Someone who’s naïve or usefully enthusiastic? Does that mean it’s not a doable job?
Not at all. No. Naïve isn’t the right word. It's the hunger for it—and possibly someone who has not run a dance company before but has a lot of the skillset and experience required for it would be good. But that’s only my opinion.

The mission you were given in 2003 to reconnect with the classical and emphasize technique, is that something the board is still interested in pursuing, or are they talking about a more contemporary direction?
They’re not that far into the conversation. I don’t think anyone would say they want to disband any of the work that’s been done. But I think they’re interested in thinking about what kind of company is right for Portland right now within certain financial parameters. What does that look like?

What’s your prognosis?
I don’t know. It’s a complicated conversation, but it can’t take too long. I don’t think they need to come up with all of those answers, but I think they need to begin the process for sure.

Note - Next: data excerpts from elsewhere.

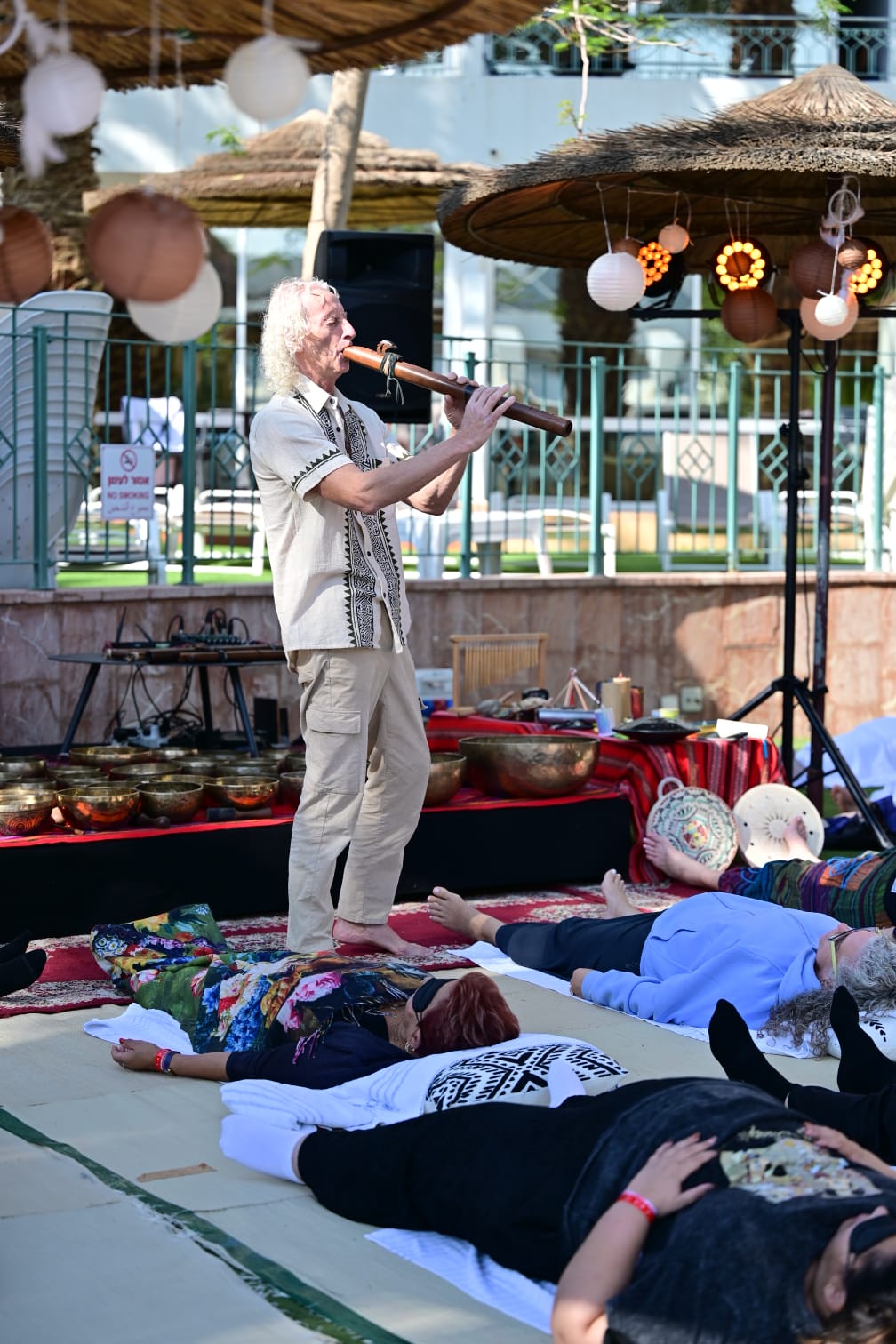 כל משתתף מקבל מזרן או מגבת לשכב ואנו מתחילים עם ניגון רצוף והרמוני עם חליל אינדיאני אשר מכניס את המשתתפים לאווירה מרגיעה.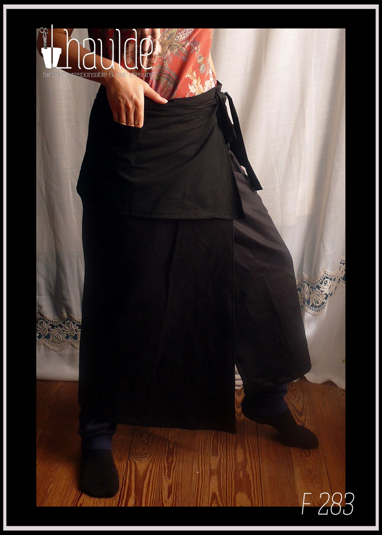 Jupe portefeuille longue sur mesure, avec mini tablier en haut et poche secrète, coton noir oeko tex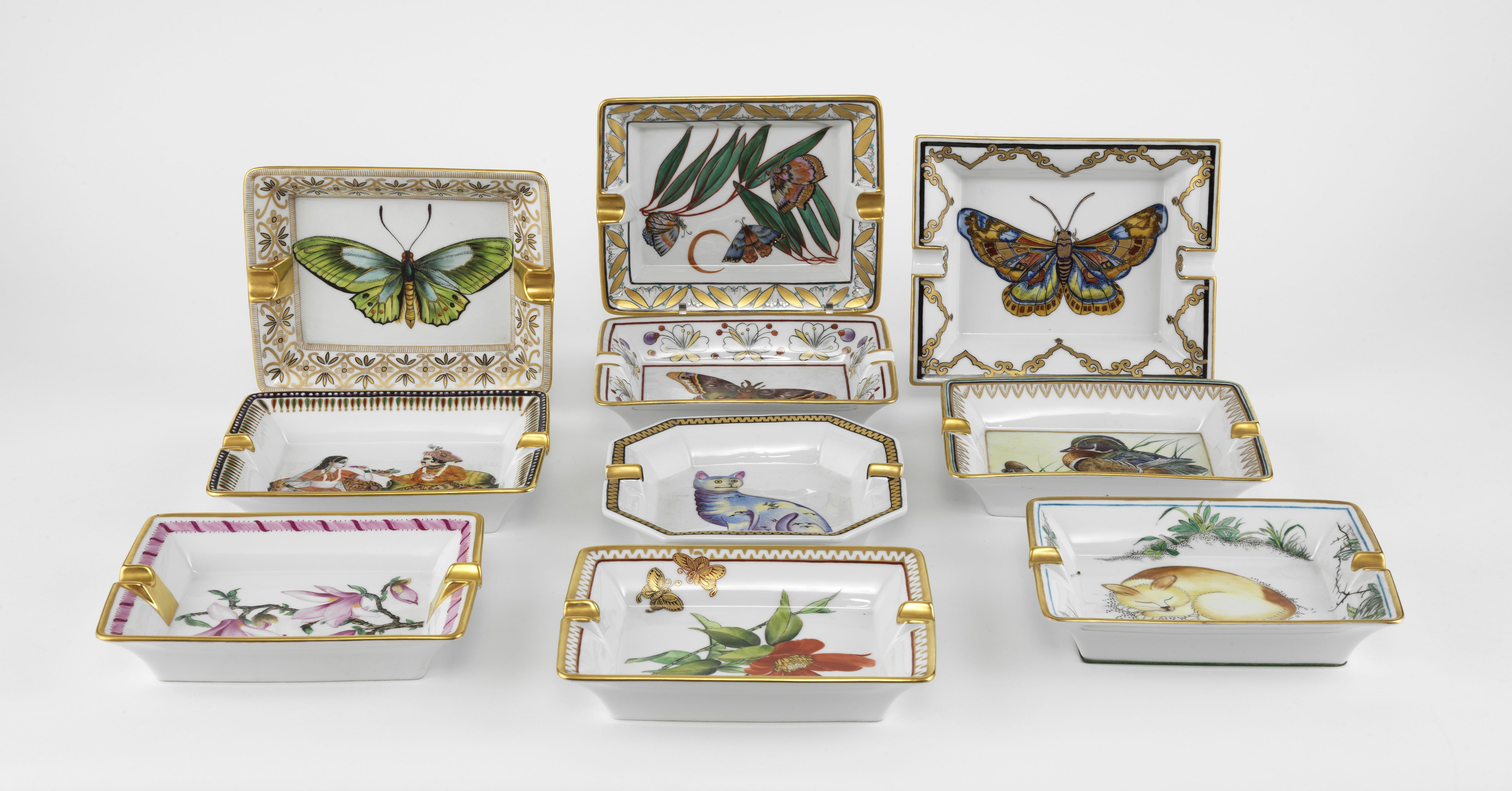 3984. Suite de 9 cendriers rectangulaires à décor de fleurs, animaux et couple indien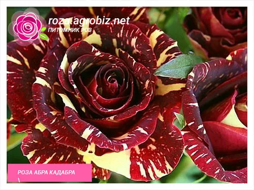 Роза чайно-гібридна Абра кадабра. Це одна з найбільш незвичайних троянд коли-небудь вирощених. Цвіте дуже яскраво та приголомшливо. Вся квітка покрита численними смужками та плямами різних відтінків від легких та сильних жовтих з рожевим та фіолетовим.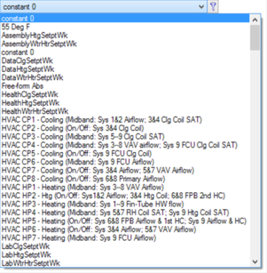 As you can see from the example image on the left, with no filtering the drop-list would contain a large number of profiles (note the scrollbar), many of which are intended for functions other than heating. It also includes a large number of Title24 profiles, which may not be relevant. In contrast, the image on the right shows the drop-list with the filtering options applied – only Generic data-source profiles are displayed (excluding the large amount of Title24 profiles) and of those, only the profiles marked with the Heating category.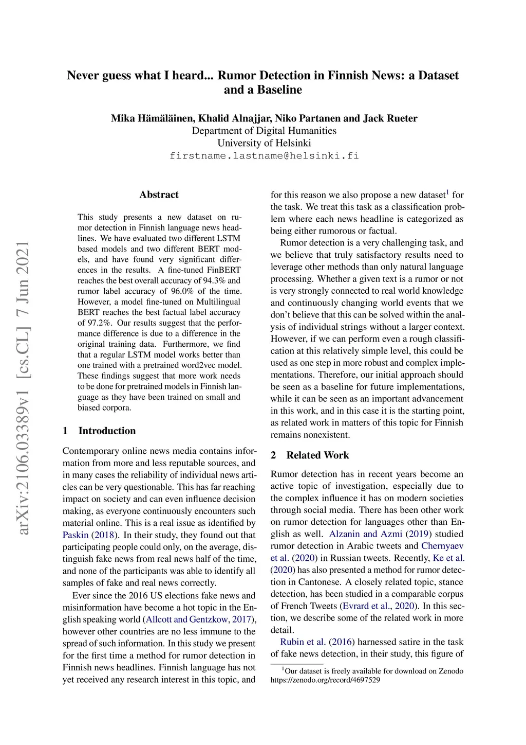 Never guess what I heard... Rumor Detection in Finnish News: a Dataset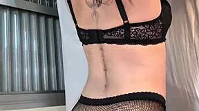 behind the scenes goth inked girl teases dreadlocks lingerie for big dildo anal solo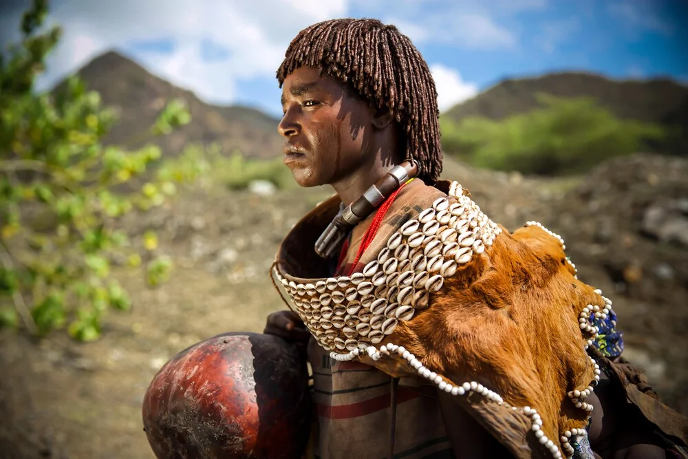 Fotokunst von Miro May: Frau aus der Hamar-Kultur in Äthiopien, entspannte Atmosphäre.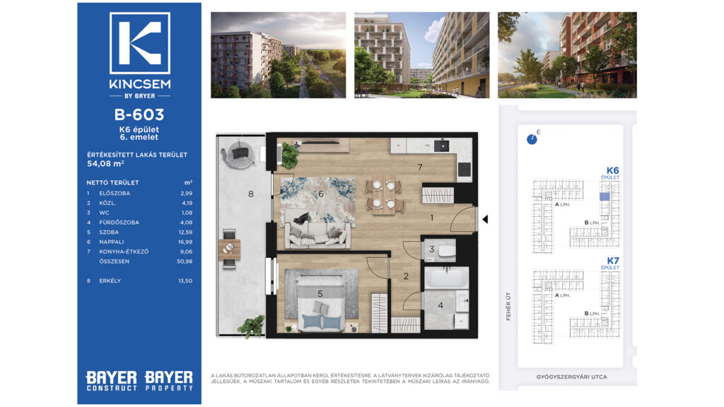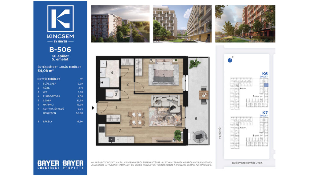 Budapest, Gyógyszergyári utca Kincsem LakóparkÁr: 69435080 FtTerület: 54.08 m²Szobák: 2Emelet: 5Azonosító: K6-B511Részletek
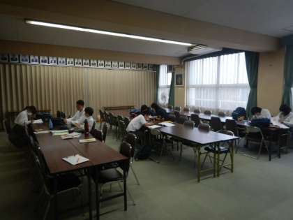 本日は全市教育研究発表会のため3時限目終了後に下校となりましたが、明日の中間テストをひかえ、学びサポーターによる学習会に参加している生徒もいます。13時まで勉強して下校します。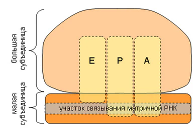На этапе элонгации тРНК, комплементарная второму кодону на мРНК и несущая аминокислоту, поступает в А-сайт рибосомы. Между формилметионином, находящемся в Р-сайте рибосомы, и аминокислотой, доставленной тРНК в А-сайт, в пептидилтрансферазном центре образуется пептидная связь. После образования пептидной связи, полипептид оказывается связанным с тРНК, которая находится в А-сайте. Далее происходит транслокация: деацилированная формилметионил-тРНК перемещается из Р-сайта в Е-сайт, пептидил-тРНК перемещается из А-сайта в Р-сайт, мРНК продвигается на один кодон. Этот процесс сопровождается затратами энергии (ГТФ), также у нём участвует специальный транслокационный белковый фактор (EF-G). Затем тРНК, комплементарная следующему кодону мРНК, связывается с освободившимся А-сайтом рибосомы, происходит повторение выше описанных этапов, с каждым циклом полипептид удлиняется на один аминокислотный остаток[4].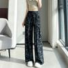 Pantaloni largi pentru femei, pantaloni casual cu nasturi, talie înaltă, pantaloni drepți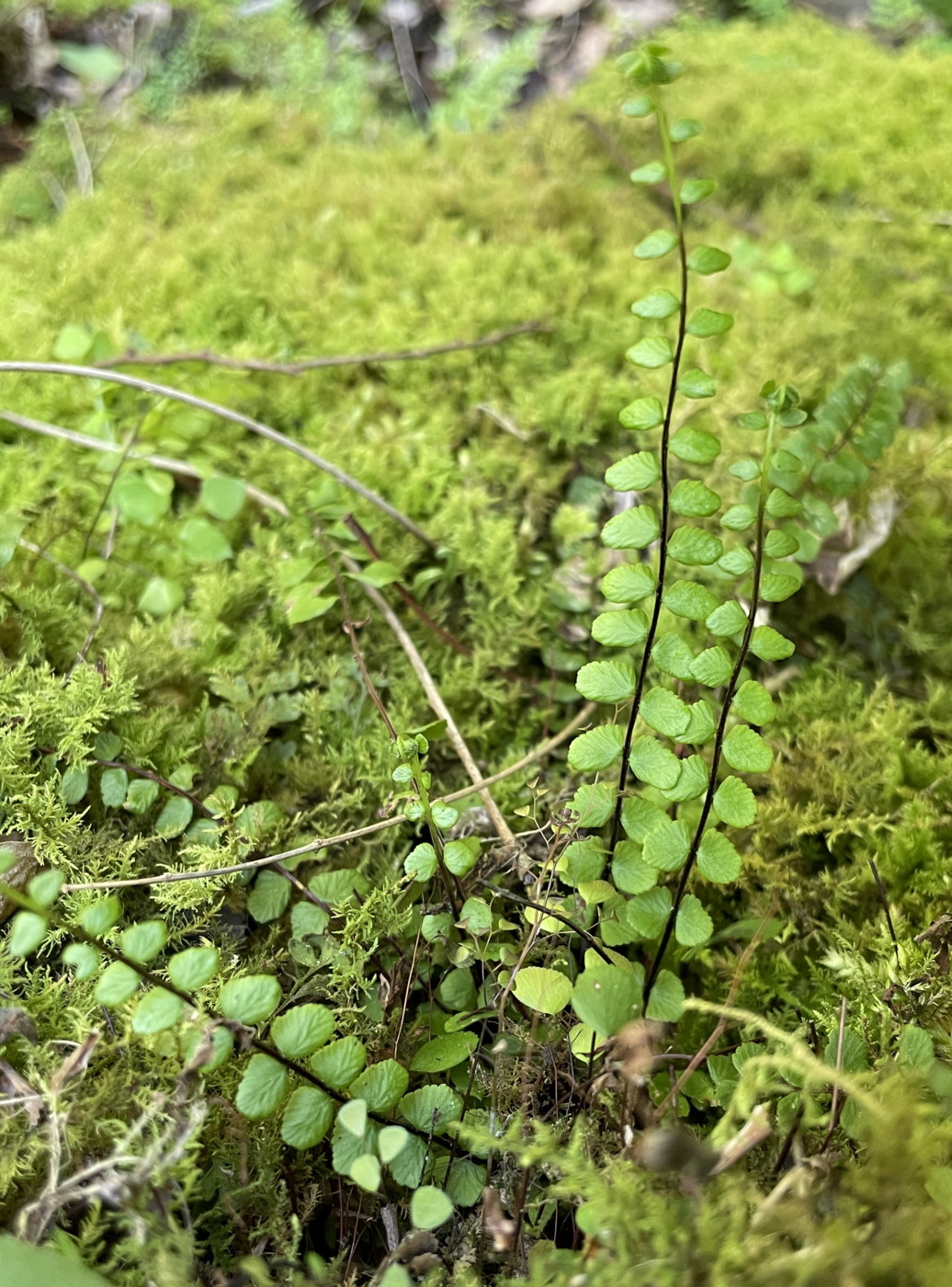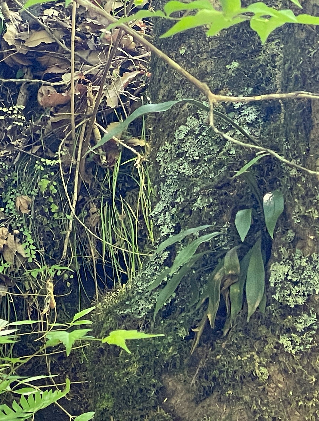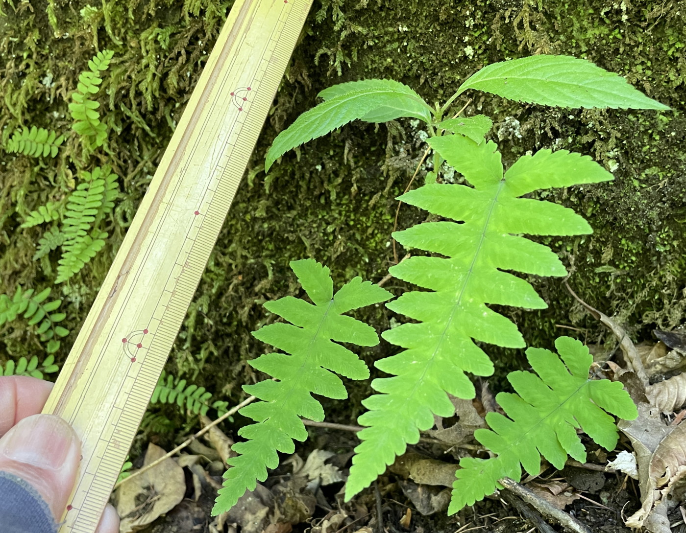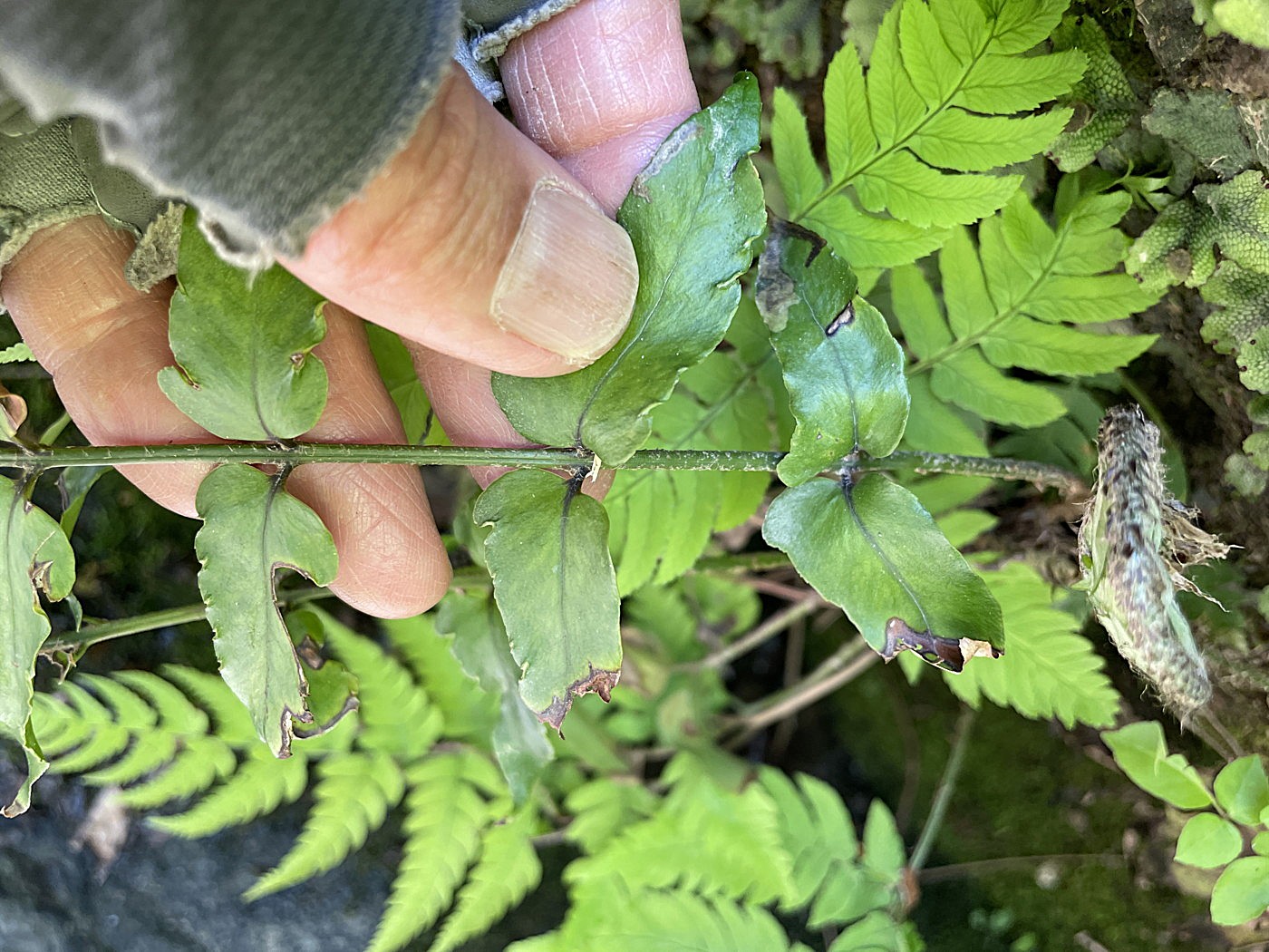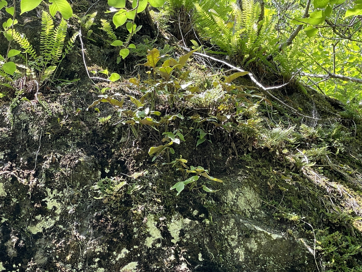 この辺りに広く点在して生育。クモノスシダ同様好石灰岩性のシダ。玄武岩質中心の付加体の中に石灰岩質がわずかでも含まれているのでしょうか。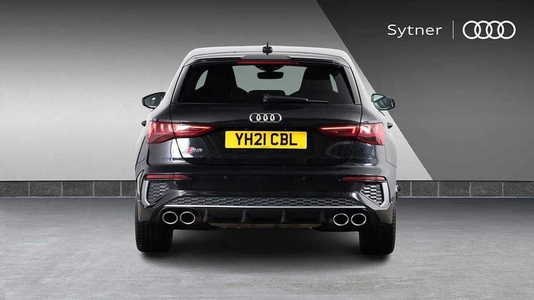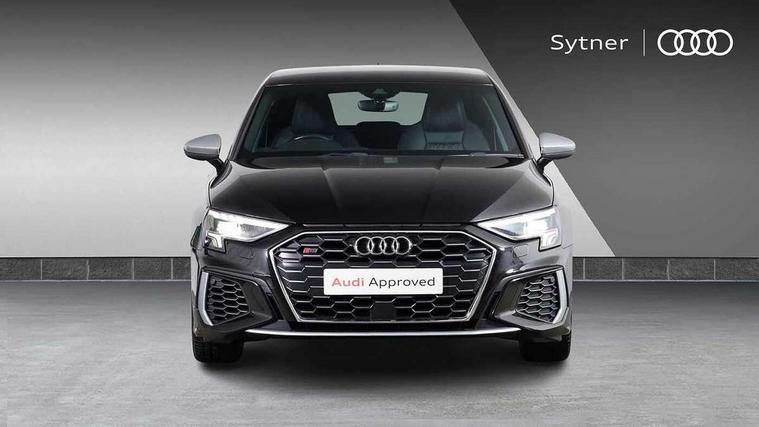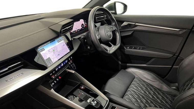 Audi connect emergency call and service, Audi drive select (Auto, Comfort, Dynamic, Efficiency and Individual), Audi smartphone interface, Audi Virtual Cockpit - 10.25" digital and colour instrument cluster, Automatic start/stop system with recuperation, Bluetooth interface, Collision avoidance assistant, Lane departure warning system, MMI Navigation Plus with high resolution 10.1" colour touch screen display, Progressive steering, Service indicator, Trip computer, Voice control system with natural language interaction, Quattro permanent all wheel drive, S sports suspension, 2xUSB-C connection with data and charging functions, 6 passive loudspeakers, DAB Digital radio, Acoustic glass windscreen, Aluminium window trim, Audi Beam uses LEDs to project the Audi S3 logo, Auto dimming frameless rear view mirror, Dual branch oval twin tailpipes in chrome plated finish, Electrically adjustable/heated/folding/auto dimming door mirrors with integrated LED indications + kerb view function for passenger side, Front electric windows, Headlight washers, Illuminated aluminium inserts front door sills with S logo, LED daytime running lights, LED headlights with LED rear lights and dynamic rear indicators, Light and rain sensors, Privacy glass - dark tinted rear window, rear door and side windows, Rear electric windows, Rear side air outlets in grained matt black, Rear wiper, 12V socket and storage compartment in front centre console, 40/20/40 split folding rear seat bench with cupholder, Black cloth headlining, Dual zone electronic climate control, Front and rear centre armrest in leather, Front and rear headrests, Front/rear floor mats, Heated front seats, Height and reach adjustable steering wheel, Interior lighting - glove compartment light and right hand side, Luggage compartment floor covering, Manually adjustable front seats, Seat side bolsters, Stainless steel pedals and front footrest, Aluminium interior elements pack - A3 Sportback, Design body styling - A3 Sportback, Storage pack - A3 Sportback, 3x3 point rear seat belts, Driver and front passenger airbag with passenger airbag deactivation, Electronic Stabilisation Control (ESC) including ABS, ASR and EDL, First aid kit with warning triangle and 2 safety vests, Front side airbags with head airbags and interaction airbag, Hill hold assist, Pre-sense front with pedestrian and cyclist detection, Seatbelt monitoring, Tyre pressure loss indicator, Anti theft alarm, Anti-theft wheel bolts, Electronically operated child lock, Immobiliser, Remote control central locking, Accent surfaces in the dashboard and centre console in platinum grey silk effect paint finish, Dark spectrum aluminium inlays,

Diane [Syrcle, OBT's executive director] left earlier this year for the symphony, and then Trisha [Mead, the director of communications] left earlier this week. There’s been a lot of fast turnover and attrition at OBT these last few years. What do you attribute that to? 
It’s probably not unlike other arts organization. It’s stressful. It’s a lot of work. It’s hard to see that workload and stress load diminishing. I think people make shifts particularly on the administration side of arts organizations when they feel like they have—I don’t know if hit a wall is the right term—but they’ve done this amount of work and they know it will go on at the exact pace and rate. And of course in the arts world, there’s not a big opportunity for promotion and increases in salary related to how hard you are working, and they feel like it’s easier to do that with another arts organization. Sometimes the building of a department is easier than the sustaining of it. Or a different project anyway with different satisfactions. [Ed. Note: This quesiton was not originally posted with the interview because I ran out of time to transcribe it for our 4 pm newsletter deadline. It was added later that evening.]

How do you feel about leaving?  It’s the end of a significant era for you.
Part of me is incredibly sad, because I love working with all of these people, and I feel we’ve done really incredible and satisfying hard work together, which is very bonding. I also know absolutely that I made the right decision because it’s very hard to be so proud about the work and know that something about it is going to need to shift. I really think the person doing it needs to be excited about the project, and for me it would be a different project.